• _ACTIVITY_
Pictures in the entries below are to be left out; otherwise, reproduce exactly the lines from the first through the line containing "参观了小耿家我们制作的暗藏滑".

Top of RECORD EXTRACTS

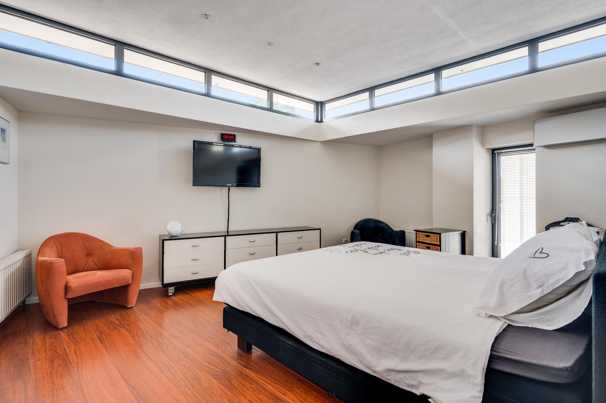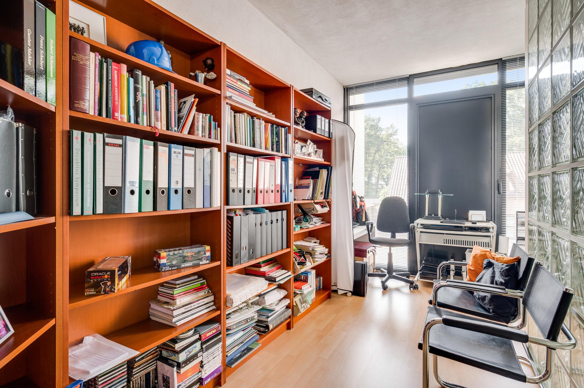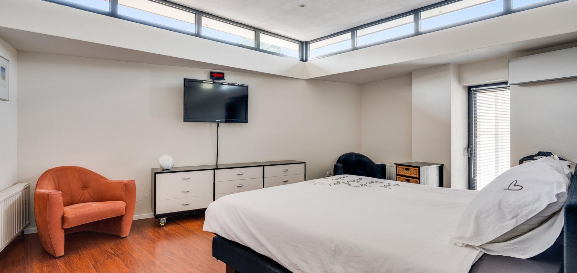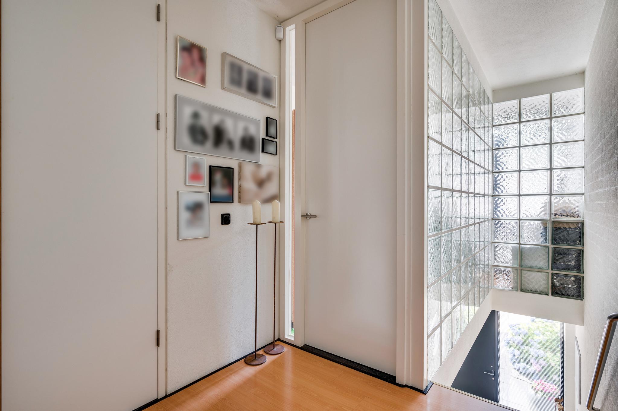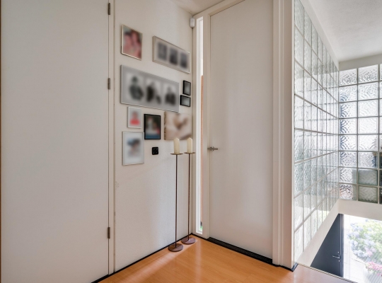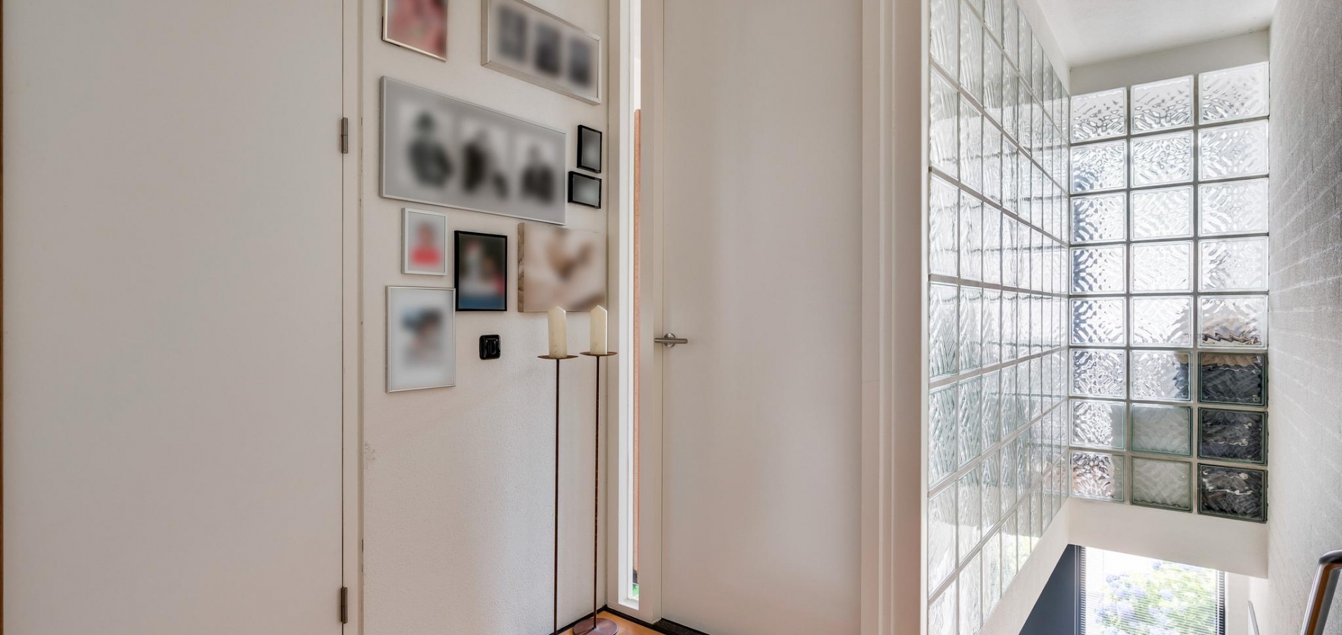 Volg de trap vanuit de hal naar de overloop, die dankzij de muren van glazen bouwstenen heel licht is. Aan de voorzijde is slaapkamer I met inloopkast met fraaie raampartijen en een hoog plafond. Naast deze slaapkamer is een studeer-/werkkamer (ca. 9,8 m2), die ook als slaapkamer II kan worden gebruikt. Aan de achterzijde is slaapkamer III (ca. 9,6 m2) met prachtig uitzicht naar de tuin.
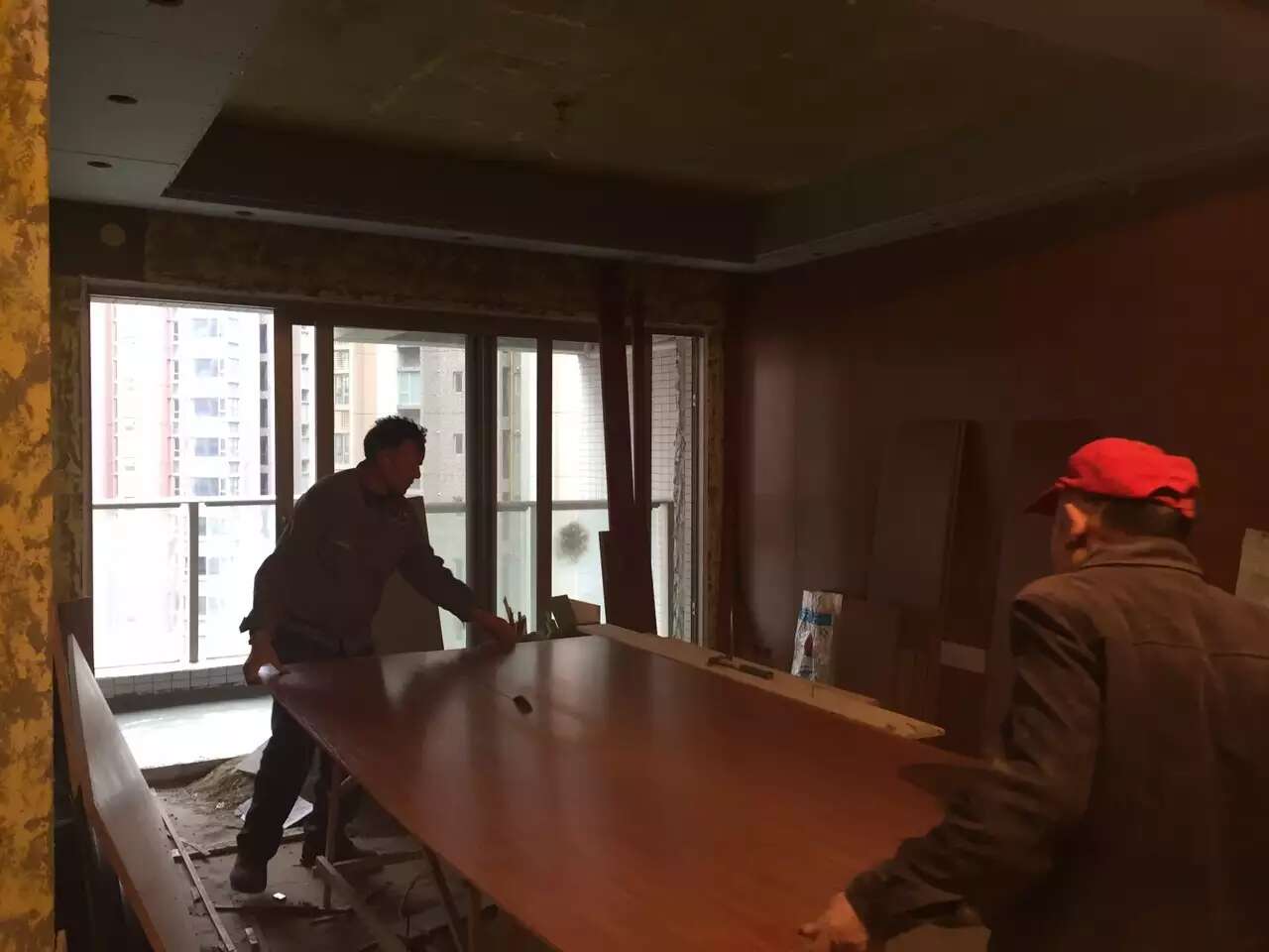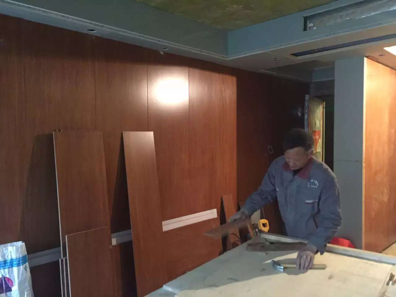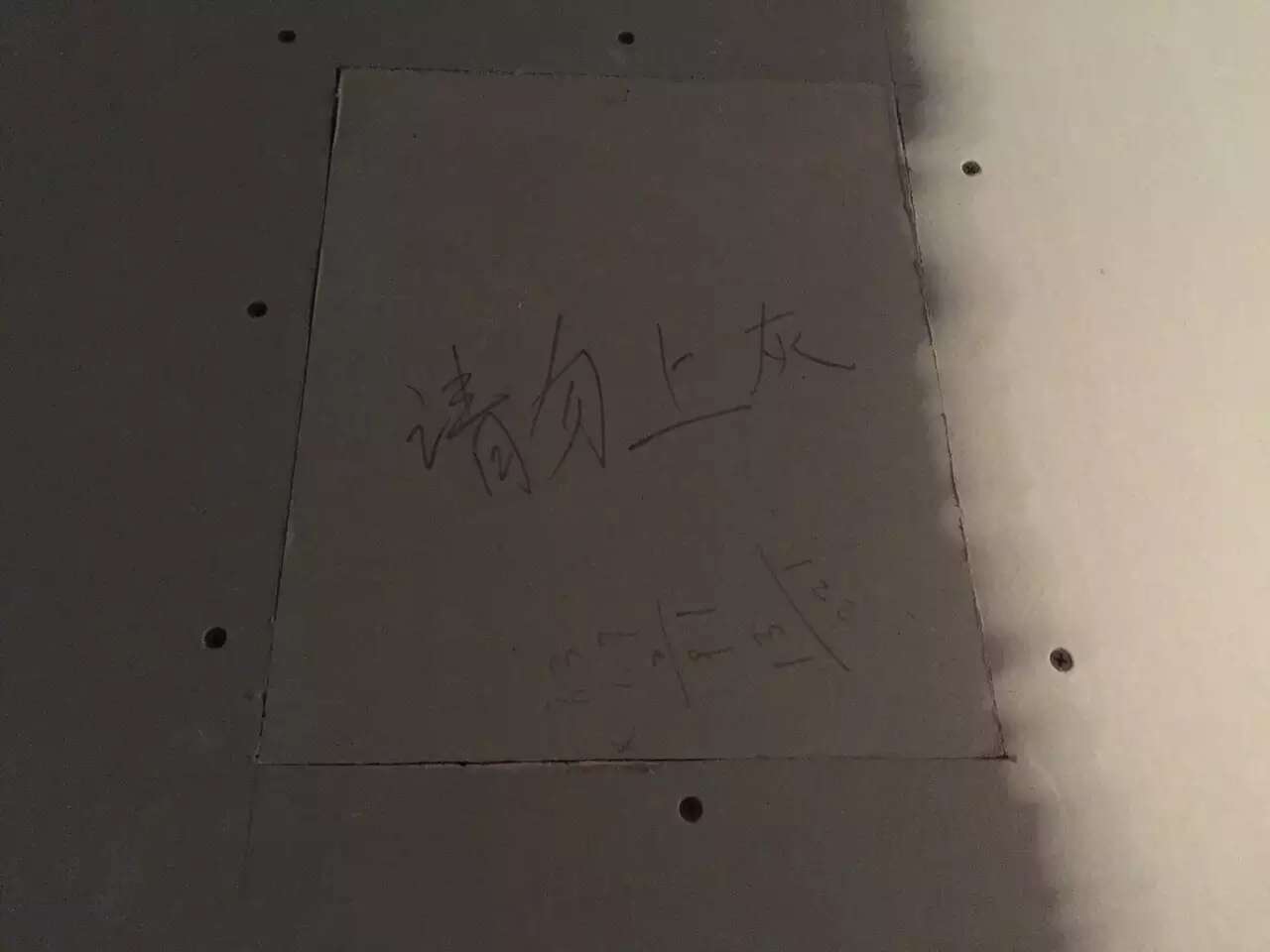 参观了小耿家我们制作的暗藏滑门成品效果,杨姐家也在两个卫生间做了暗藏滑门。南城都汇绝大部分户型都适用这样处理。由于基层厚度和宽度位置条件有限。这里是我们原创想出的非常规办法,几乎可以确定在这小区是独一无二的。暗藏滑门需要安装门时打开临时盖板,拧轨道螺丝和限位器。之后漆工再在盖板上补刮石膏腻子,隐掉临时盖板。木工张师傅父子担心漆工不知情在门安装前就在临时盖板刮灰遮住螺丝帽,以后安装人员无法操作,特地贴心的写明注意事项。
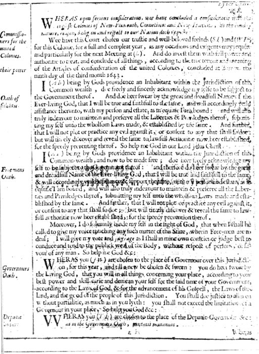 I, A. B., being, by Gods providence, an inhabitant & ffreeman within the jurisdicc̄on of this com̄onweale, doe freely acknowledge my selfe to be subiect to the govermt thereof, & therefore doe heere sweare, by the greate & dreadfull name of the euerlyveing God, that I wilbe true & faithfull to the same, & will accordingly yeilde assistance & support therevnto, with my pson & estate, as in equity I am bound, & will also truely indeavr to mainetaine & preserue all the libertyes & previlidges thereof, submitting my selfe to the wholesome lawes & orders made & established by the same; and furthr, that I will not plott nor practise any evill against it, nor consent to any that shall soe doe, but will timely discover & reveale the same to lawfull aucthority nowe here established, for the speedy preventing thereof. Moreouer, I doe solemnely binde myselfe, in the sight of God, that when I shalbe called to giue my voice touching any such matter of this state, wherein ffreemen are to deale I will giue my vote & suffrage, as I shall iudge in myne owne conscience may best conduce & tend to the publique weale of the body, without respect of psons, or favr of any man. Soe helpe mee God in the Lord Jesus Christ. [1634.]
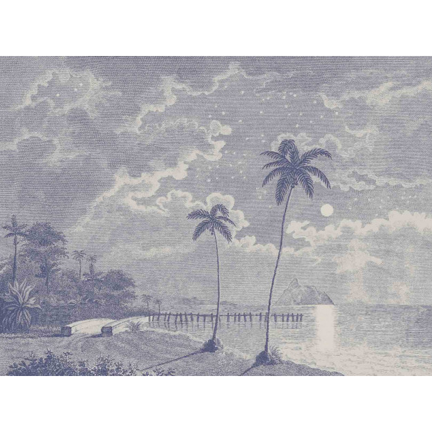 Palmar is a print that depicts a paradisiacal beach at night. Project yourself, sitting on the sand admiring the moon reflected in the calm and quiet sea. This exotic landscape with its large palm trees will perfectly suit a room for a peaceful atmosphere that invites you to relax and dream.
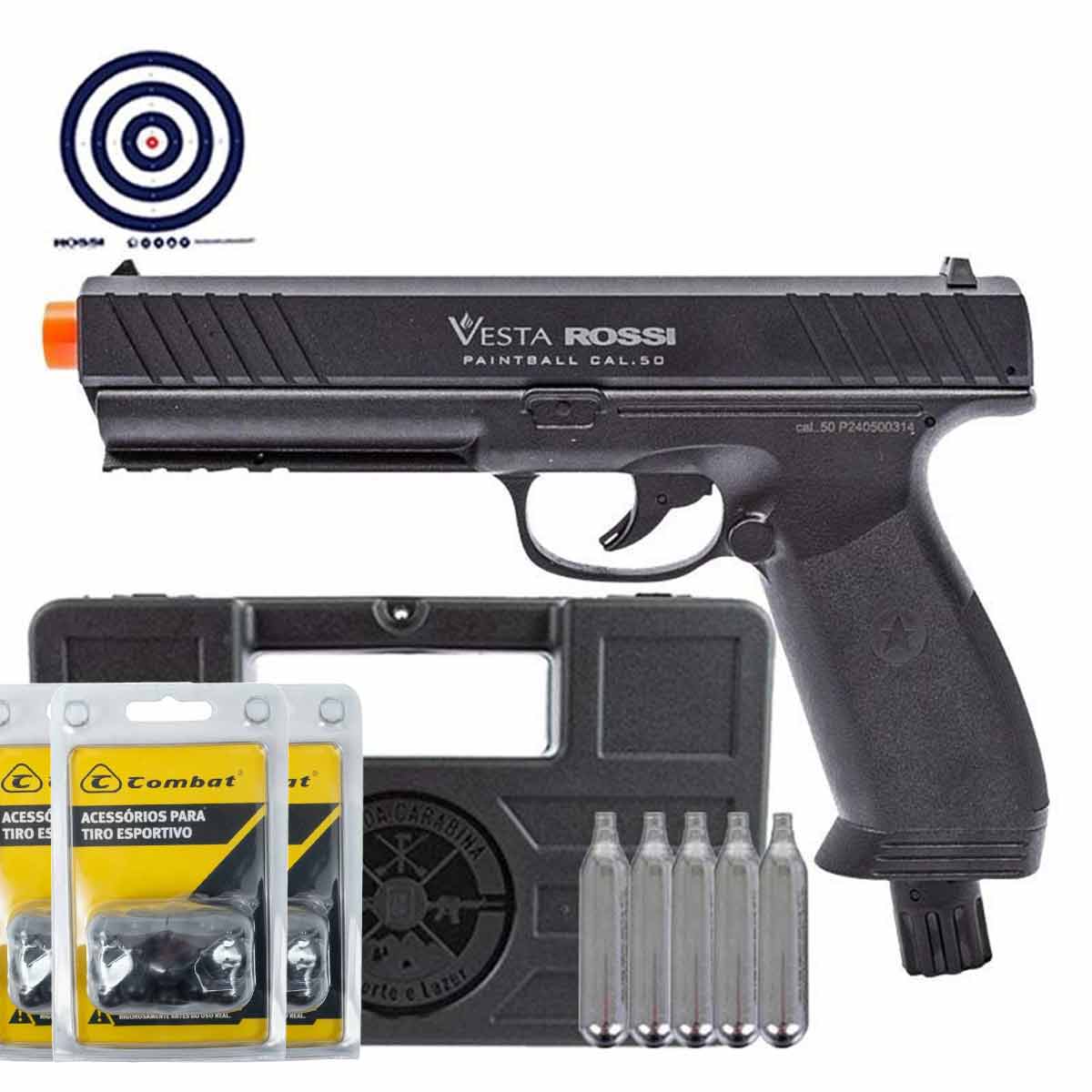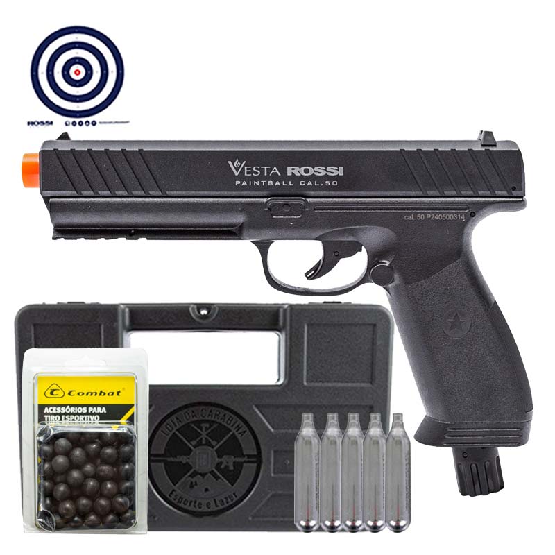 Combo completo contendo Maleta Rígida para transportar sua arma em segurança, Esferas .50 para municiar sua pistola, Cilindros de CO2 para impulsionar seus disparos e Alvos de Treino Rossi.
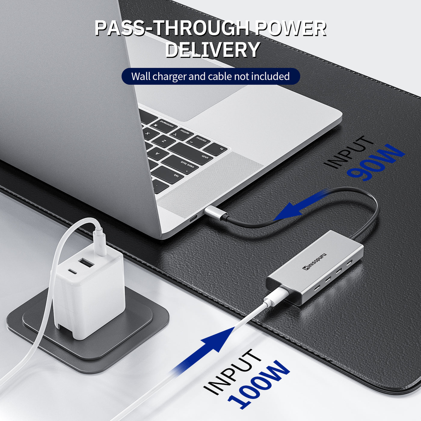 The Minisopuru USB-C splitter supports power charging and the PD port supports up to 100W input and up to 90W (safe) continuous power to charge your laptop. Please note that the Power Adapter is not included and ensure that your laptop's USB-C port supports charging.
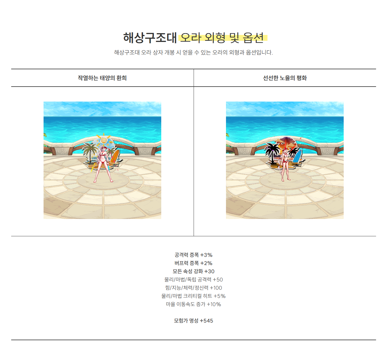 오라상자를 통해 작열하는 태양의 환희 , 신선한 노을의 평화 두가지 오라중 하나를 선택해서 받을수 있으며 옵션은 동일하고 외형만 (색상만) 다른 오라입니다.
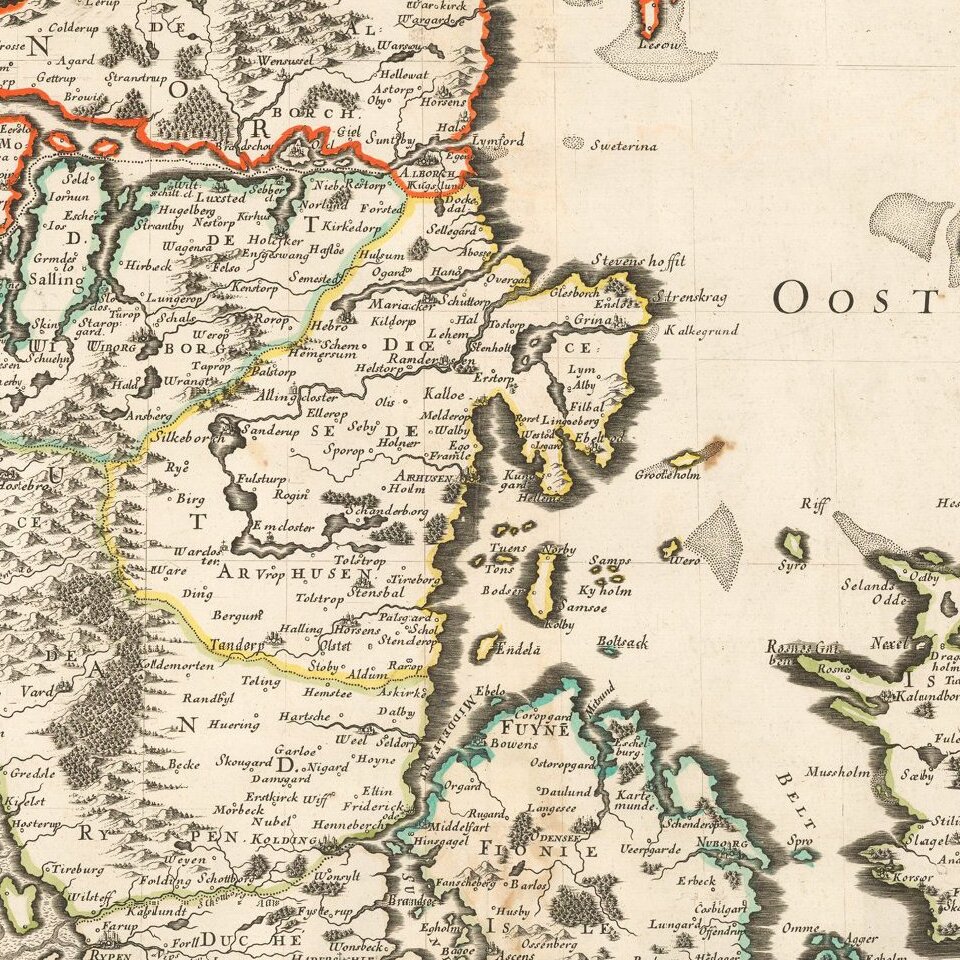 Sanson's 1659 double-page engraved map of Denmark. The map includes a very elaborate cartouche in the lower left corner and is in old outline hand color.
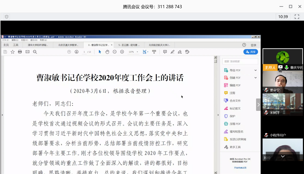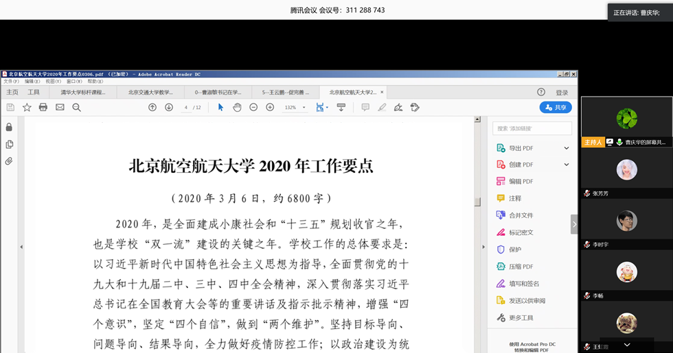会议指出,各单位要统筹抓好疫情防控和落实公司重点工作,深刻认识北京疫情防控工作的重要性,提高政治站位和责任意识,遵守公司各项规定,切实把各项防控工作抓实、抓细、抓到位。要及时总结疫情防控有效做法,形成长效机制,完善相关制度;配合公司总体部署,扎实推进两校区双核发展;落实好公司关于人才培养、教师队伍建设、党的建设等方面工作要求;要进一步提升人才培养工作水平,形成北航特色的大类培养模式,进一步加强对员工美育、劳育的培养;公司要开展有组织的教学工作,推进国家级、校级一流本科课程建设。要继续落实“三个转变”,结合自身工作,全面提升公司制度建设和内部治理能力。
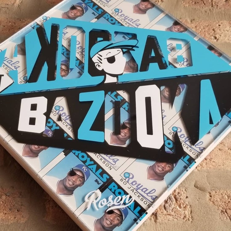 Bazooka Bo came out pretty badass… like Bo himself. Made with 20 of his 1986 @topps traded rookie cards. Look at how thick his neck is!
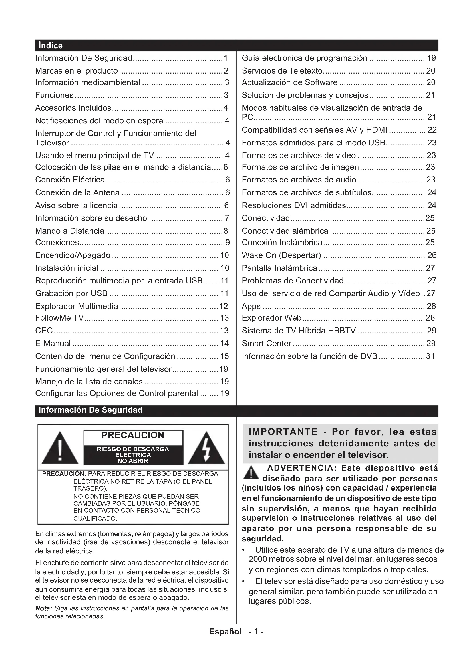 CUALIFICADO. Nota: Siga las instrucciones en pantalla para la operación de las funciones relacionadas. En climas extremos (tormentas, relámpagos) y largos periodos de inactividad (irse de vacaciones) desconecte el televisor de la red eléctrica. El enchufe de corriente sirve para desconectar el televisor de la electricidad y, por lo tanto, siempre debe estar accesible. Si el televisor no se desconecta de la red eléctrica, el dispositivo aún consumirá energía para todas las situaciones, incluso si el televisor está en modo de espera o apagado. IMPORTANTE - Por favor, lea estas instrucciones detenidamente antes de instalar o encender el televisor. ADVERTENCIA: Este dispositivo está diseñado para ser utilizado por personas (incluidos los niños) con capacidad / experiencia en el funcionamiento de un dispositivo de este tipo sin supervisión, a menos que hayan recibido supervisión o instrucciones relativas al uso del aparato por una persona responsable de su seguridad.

Bottom of RECORD EXTRACTS

• _ANSWER SPACE_
 Volg de trap vanuit de hal naar de overloop, die dankzij de muren van glazen bouwstenen heel licht is. Aan de voorzijde is slaapkamer I met inloopkast met fraaie raampartijen en een hoog plafond. Naast deze slaapkamer is een studeer-/werkkamer (ca. 9,8 m2), die ook als slaapkamer II kan worden gebruikt. Aan de achterzijde is slaapkamer III (ca. 9,6 m2) met prachtig uitzicht naar de tuin.
 参观了小耿家我们制作的暗藏滑门成品效果,杨姐家也在两个卫生间做了暗藏滑门。南城都汇绝大部分户型都适用这样处理。由于基层厚度和宽度位置条件有限。这里是我们原创想出的非常规办法,几乎可以确定在这小区是独一无二的。暗藏滑门需要安装门时打开临时盖板,拧轨道螺丝和限位器。之后漆工再在盖板上补刮石膏腻子,隐掉临时盖板。木工张师傅父子担心漆工不知情在门安装前就在临时盖板刮灰遮住螺丝帽,以后安装人员无法操作,特地贴心的写明注意事项。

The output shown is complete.